First, a little confession: There are times when writing this column flows like melting ice cream on a hot summer day, yuuumm! And there are times when writing this column is like hiking through thick mud, yuck! Actually, I just did some hiking through thick mud a couple weeks ago.
I find that I often experience pressure to be profound or insightful when writing this column-that's what creates the mud experience. So, I'm going to try an experiment in writing. I'm giving myself permission to write a mediocre column here, lets see if writing it from this place helps me flow like the melting ice cream and that it's yummy to read!

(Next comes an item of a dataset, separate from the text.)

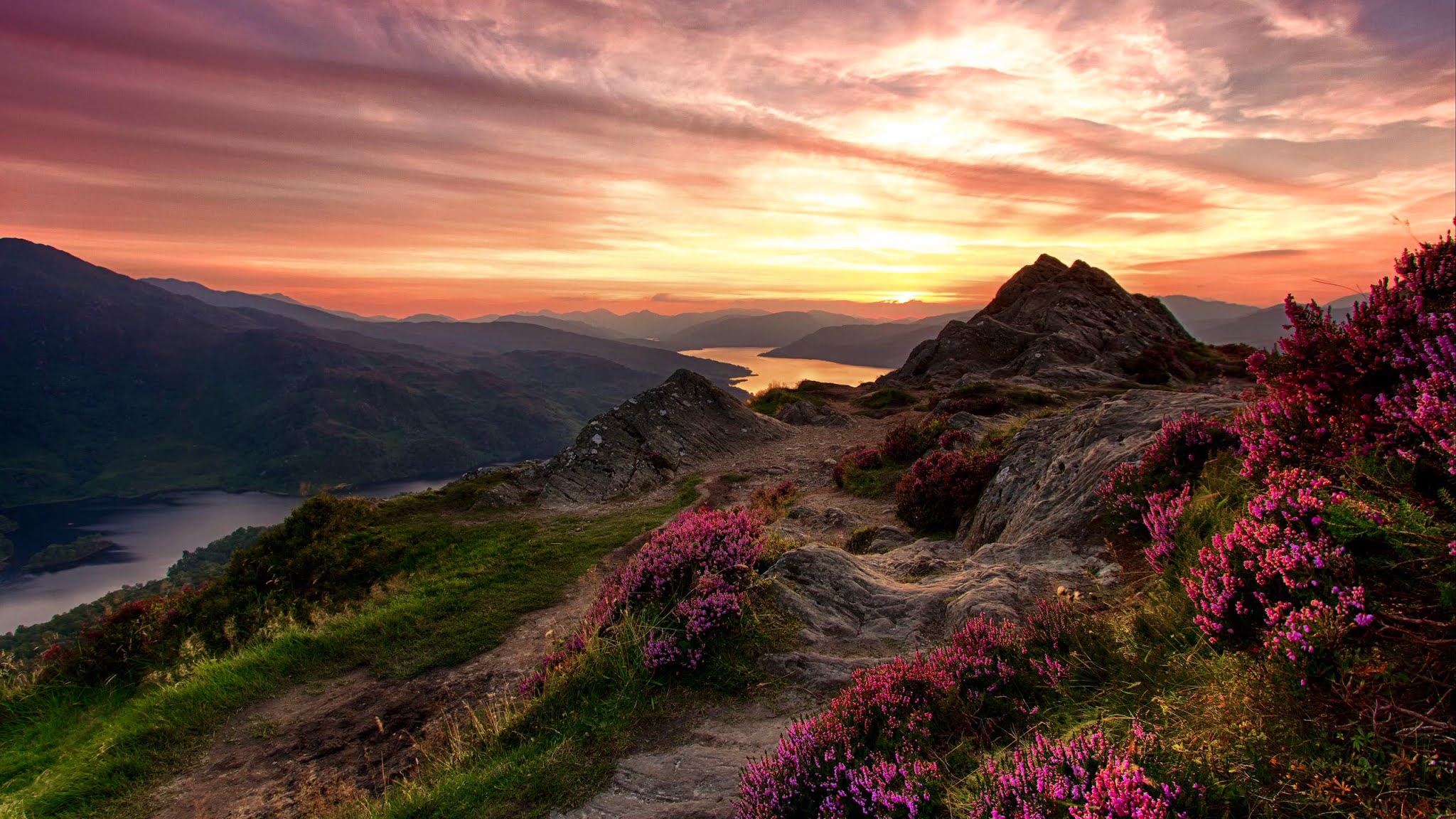 Description: Dreamy landscape, mountain, sunset, pink flowers, river, twilight sky clouds, sun, iphone skyline and desktop wallpaper. Download free nature hd wallpaper and background image for your windows and mac desktop, laptop, tablet and phone. Author: Andy Belsow License: CC BY.

So...mediocre, here we go...I want to talk about how our body talks to us and how we can care for our body, particularly our emotional body, in a heartfelt and skillful way. I call it the ABC's of healing the emotional body.
First, our physical and emotional body speaks to us through feelings of comfort, pleasure, satisfaction and joy. It also speaks to us through feelings of discomfort, pain, agitation, depression, fear and a host of other unpleasant feelings and emotions.

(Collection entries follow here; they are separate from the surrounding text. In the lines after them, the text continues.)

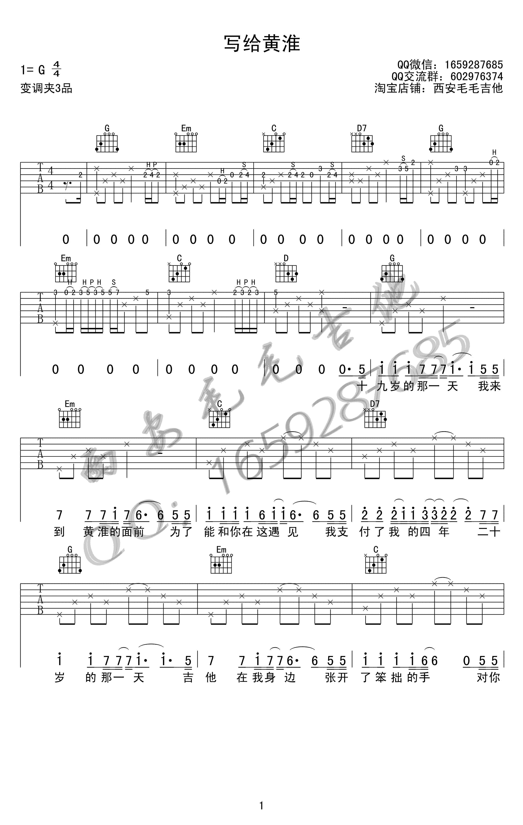 当前位置:琴谱网>吉他弹唱>写给黄淮
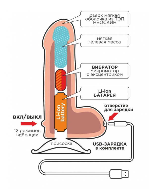 Выполнен фаллос из двухкомпонентного материала неоскин, в котором внутренний слой более твердый, а внешений мягкий, нежный и бархатистый, что в целом обеспечивает максимально реалистичные ощущения!
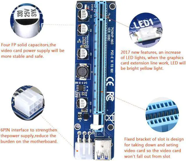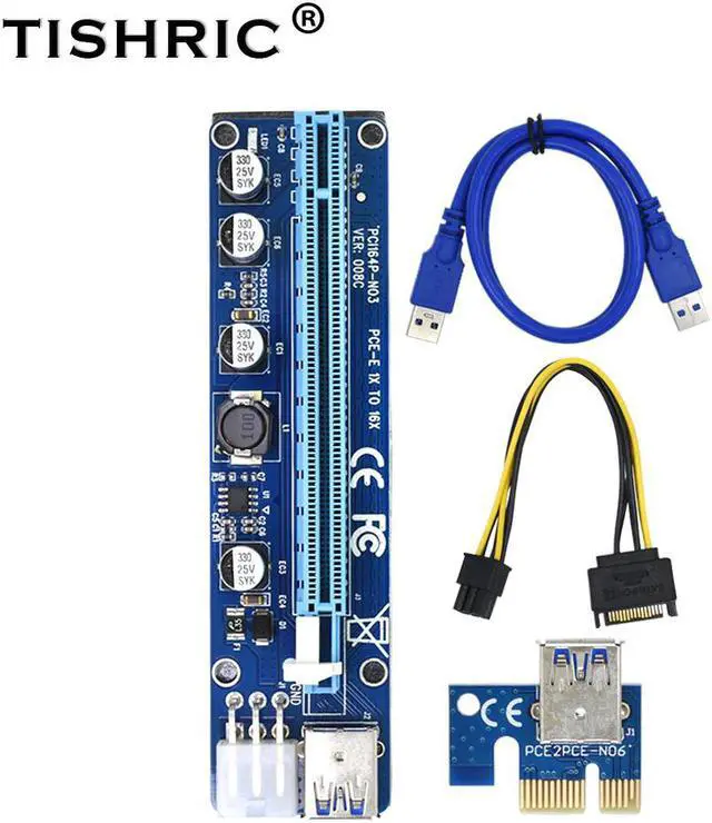 10pcs TISHRIC VER008C Molex 6pin PCI Express PCIE PCI-E Riser Card 1X 16X Extender 60cm USB3.0 Cable For Mining Bitcoin Miner
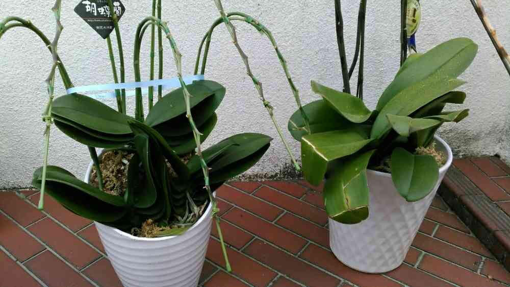 右は宮崎の舞華園で生産された白大輪V3。全国洋らん品評会金賞の札がかかってる。葉焼けが酷すぎるー😱
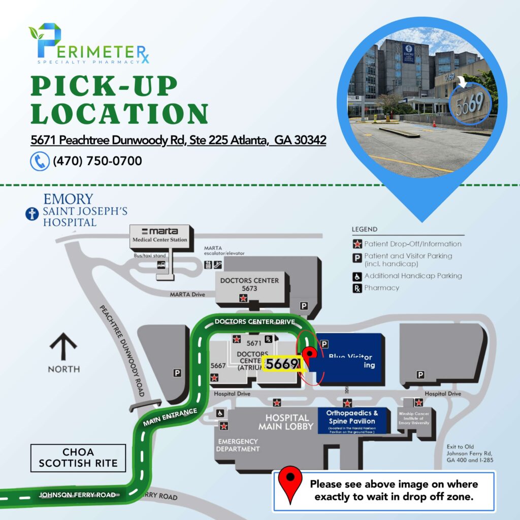 Perimeter Specialty Pharmacy is located on the Emory St. Joseph’s hospital campus in the main lobby of the professional buildings.

We need help in managing or caring for those feelings that are tough to weather. Here's the "A" of the ABC's of self-care: "A" stands for awareness or acknowledgement of your body experience. If we were to simply track the pleasure-pain continuum of our physical sensations and feelings within our physical and emotional bodies, then we would be doing this huge first step towards caring for our body-acknowledging our body. Try that...every hour or so (maybe use a timer) check in with your psycho-physical being (aka your body) and ask, "is this body experience now one of pleasure or pain, comfort or discomfort, ease or distress?"

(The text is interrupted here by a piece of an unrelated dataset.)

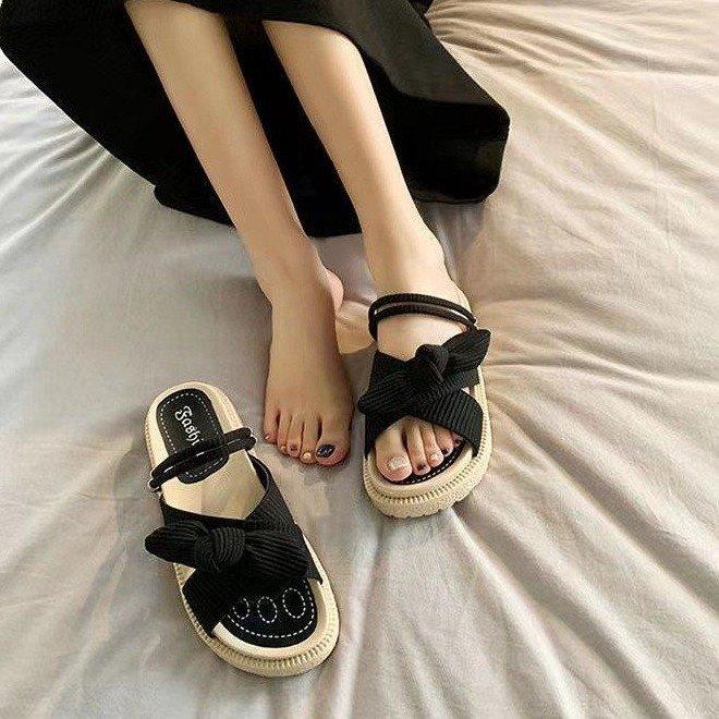 Модные женские тапочки Butterfly-Knot в сказочном стиле, летние шлепанцы для женщин, римские сандалии на толстой подошве, 2024, новая модная женская повседневная обувь
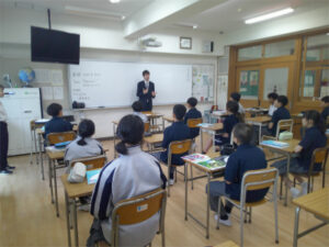 英語の授業では、スピーキング力をはかる場として、学期ごとに全学年それぞれスピーチを行っています。今回が初めてとなる1年生は、「自分のことを伝えよう」というテーマでスピーチをしました。自分の好きなこと等について、練習の成果を発揮しクラス全員の前で堂々と話すことができました。ALTのアレックス先生からも”You all did very well!”とコメントをもらい、自信につながった様子です。

Now for the "B" of the ABC's of self-care: be with or befriend what you just acknowledged in your body. Being with requires a capacity to tolerate our feelings even when they get yucky! To not jump into distractions or even self-improvement activities. No yoga, no exercise, no meditation etc. As good as these self-improvement and self-care exercises are, sometimes they are detours away from a feeling that needs to be befriended!!
Now for the icing on the cake: "C" is not for cake but for compassion. The art of supplying compassion directly into a distressing psycho-physical experience is not easy. It means juggling two realities. The reality of the discomfort in your body that is immediate and then simultaneouslycultivating, sensing, or envisioning an atmosphere of love and compassion that surrounds your body.
Imagine you are bathing in an ocean of love and the pores of your skin open up and breathe in that compassion directly into the emotional pain within! Then feel what the uniting of pain and love ACTUALLY feels like. That momentary enlightenment where fear absorbs love, or sadness breathes in compassion, or agitation is receiving kindness.
Try the ABC's this week! See what happens.
OK, I like this experiment of writing a mediocre column. It took me 40 minutes compared to sometimes 4-5 hours! And I enjoyed writing it! I hope you enjoyed reading it!